Dual Athlon MP (Palomino) Results

Thanks to Linux Networx, we were given the opportunity to benchmark MILC version 6 code on a dual Athlon MP motherboard. This processors were 1.2 GHz, and the system had 1 GB of physical memory.

Optimization by Packing Data Structures

The plot below shows the performance of the improved staggered fermion code, su3_rmd_symzk1_asqtad. The red curve is standard MILC 6 code. The green curve is from a version of the same code which has been modified by Steve Gottlieb and Dick Foster to pack the corresponding data structures from the sites of the lattice together. The blue curve adds to this data restructuring the use of SSE math routines (matrix-matrix and matrix-vector multiplies).
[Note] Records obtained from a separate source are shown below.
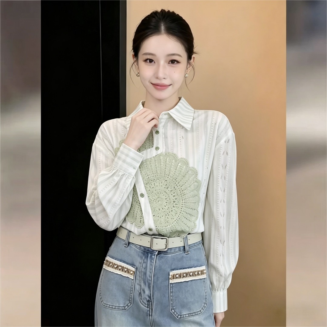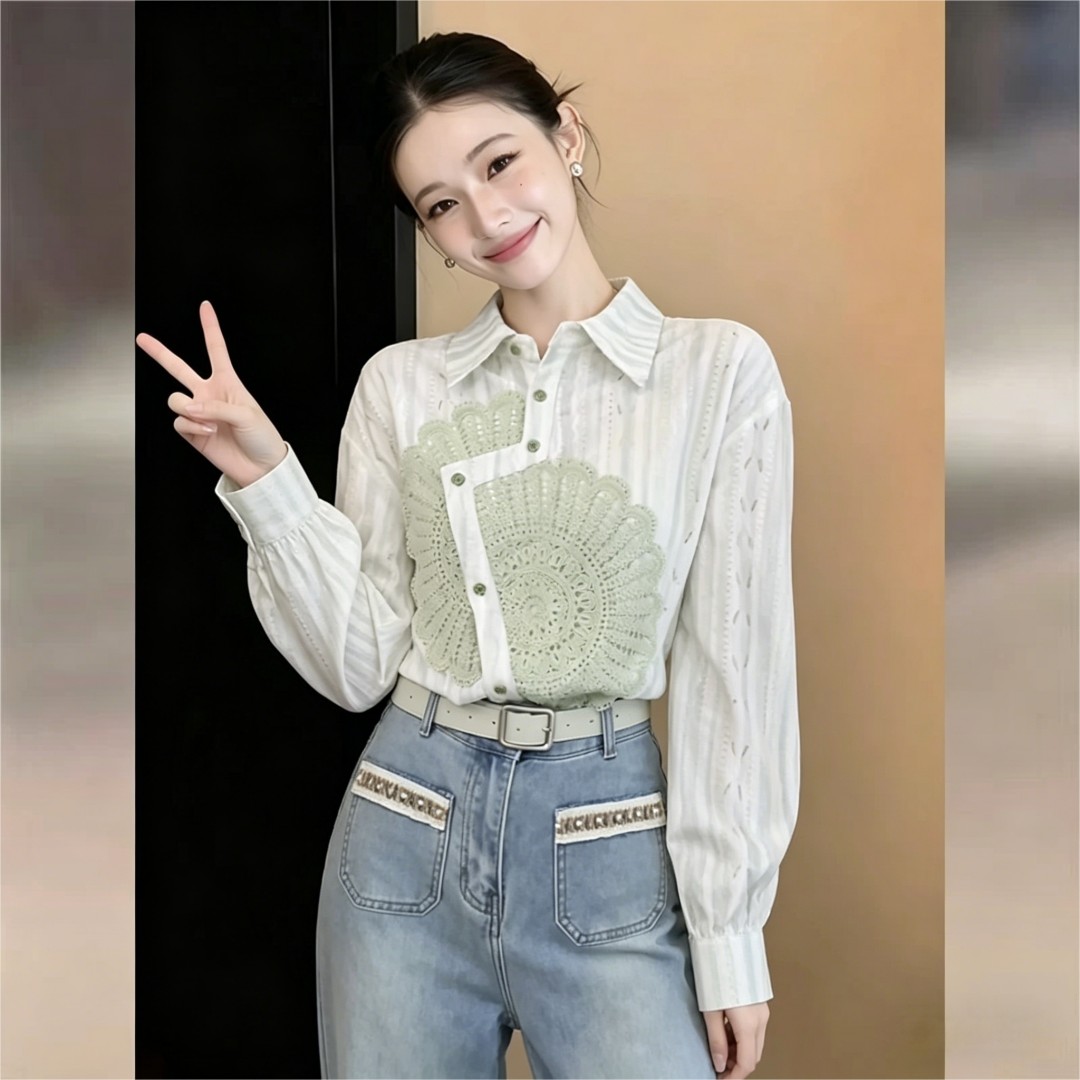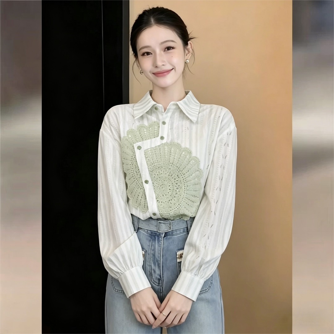 실사 프랑스식 레트로 레이스 조각 작은 대중 폴로 칼라 긴팔 여성 셔츠 2026 봄 가을 루즈핏 슬림해 보이는 맨위
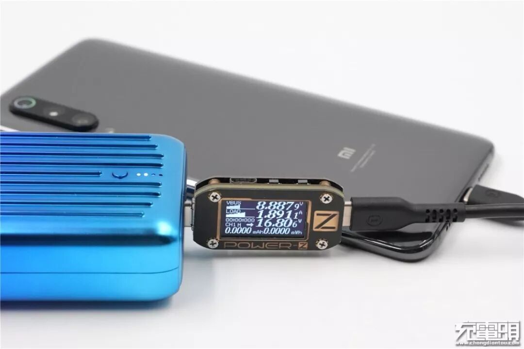 充小米9,电压8.88V,电流1.89A,功率16.8W,开启PD快充。
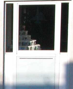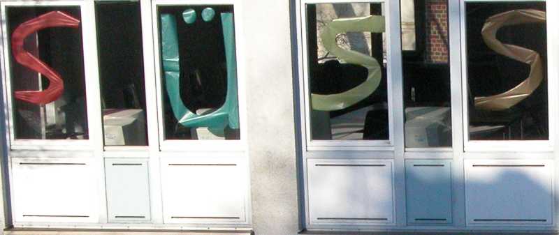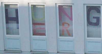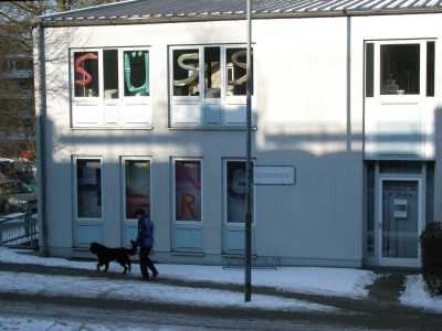 ![]() Die Fensterfront zur Bahnhofstraße wies auf das spannende Ereignis hin. Nur ein Teil des Fußweges wurde durch die Hausmeisterin vom Zucker geräumt. |

Palomino chips support SSE binaries, though AMD warns that performance will not necessarily match the speedup on Intel chips. That is, SSE instructions are supplied primarily for binary compatibility. Indeed, on the MILC code the SSE optimized code runs no faster. We have yet to implement the math routines in 3DNow!.

The cache line size on an Athlon is 64 bytes, and the fundamental data structures used in the MILC computations are 72 bytes (su3 matrix) and 24 bytes (su3 vector). When the matrices are traversed with a large stride (normal MILC code), two cache lines must be loaded for each matrix. However, only 72 of the 128 bytes loaded are in general useful. By packing the matrices together, the extra 56 bytes loaded with one matrix belong to another matrix which may be used before expiry from the cache. The speedup on Pentium 4 processors is much more pronounced (see New P4 Optimizations).

SMP Performance

The plot below shows, in red, the performance of a single binary, as well as the simultaneous performance of two copies of the same binary running on each of the two processors. Scaling is quite good on this motherboard for this code.